Identification of long non-coding RNAs and RNA binding proteins in breast cancer subtypes

Scientific Reports, Jan 2022

Breast cancer is a heterogeneous disease classified into four main subtypes with different clinical outcomes, such as patient survival, prognosis, and relapse. Current genetic tests for the differential diagnosis of BC subtypes showed a poor reproducibility. Therefore, an early and correct diagnosis of molecular subtypes is one of the challenges in the clinic. In the present study, we identified differentially expressed genes, long non-coding RNAs and RNA binding proteins for each BC subtype from a public dataset applying bioinformatics algorithms. In addition, we investigated their interactions and we proposed interacting biomarkers as potential signature specific for each BC subtype.
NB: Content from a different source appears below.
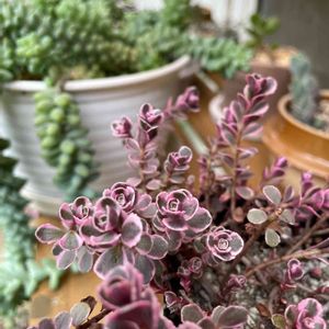 最近、子持ち蓮華を投稿してる人が多い気がするから私も~⤴️ 冬に数が減ってしまったけど可愛いから許す❤️ランナーがたくさん出てるから増えるかなと期待😃✨ 本当は斑入りなんだけど、殆んど先祖返りしてしまった💧 たまにゃんの苔が枯れてしまったのでお遊びで子持ち蓮華を咲かせてみました🎵
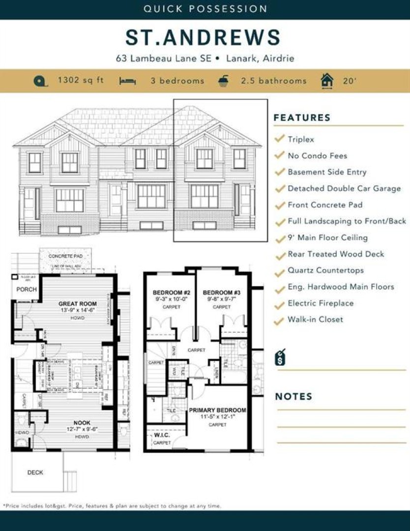 PLEASE NOTE: UNTIL JAN 18, PRICE CAN BE REDUCED BY ADDITIONAL $7500 DUE TO DEVELOPER BONUS. END UNIT, SIDE ENTRY TO BASEMENT, IMMEDIATE POSSSESSION , DOUBLE DETACHED GARAGE, DECK, FENCED AND LANDSCAPED, NO CONDO FEES. Welcome to the "St. Andrews" townhome, by Award winning, Master Builder, Douglas Homes Ltd. From the front covered porch, the entry opens onto the spacious great room with 9ft ceiling, electric fireplace, and gleaming hardwood floors throughout the main floor. The aspiring chef will appreciate the well planned "island" kitchen. From the upgraded 42 inch, soft close cabinets, to the gorgeous quartz countertops, everything is within easy reach. The sparkling stainless steel fridge, the glass top, self cleaning electric range, dishwasher, and over the range microwave/hoodfan are all just an arms length from the kitchen sink. Opposite side of the island, provides a convenient pantry, and desk with upper cabinet for all those recipe books you will collect. The spacious dining area features a large picture window looking out upon the back yard with room for the kids to play, with a rear entry door to the deck for those summer bbq's. Here also is a 2pc powder room for your guests convenience, and perhaps the kids hurried need. Upstairs includes 2 good sized secondary bedrooms, a 4pce bathroom with quartz vanity and tile floors, a convenient upstairs laundry, and a spacious primary bedroom with large upsized window and ensuite bath, with walk in shower, with glass front, tile floor and again a quartz vanity. The full basement provides rough in plumbing for a future bath, one window for future bedroom, and enough space remaining for a spacious future family room if you decide your family needs room to spread.

We found a network of only 2 RBPs (RBM20 and PCDH20) and 2 genes (HOXB3 and RASSF7) for luminal A, a network of 21 RBPs and 53 genes for luminal B, a HER2-specific network of 14 RBPs and 30 genes, and a network of 54 RBPs and 302 genes for basal BC. We validated the signature considering their expression levels on an independent dataset evaluating their ability to classify the different molecular subtypes with a machine learning approach. Overall, we achieved good performances of classification with an accuracy >0.80. In addition, we found some interesting novel prognostic biomarkers such as RASSF7 for luminal A, DCTPP1 for luminal B, DHRS11, KLC3, NAGS, and TMEM98 for HER2, and ABHD14A and ADSSL1 for basal. The findings could provide preliminary evidence to identify putative new prognostic biomarkers and therapeutic targets for individual breast cancer subtypes.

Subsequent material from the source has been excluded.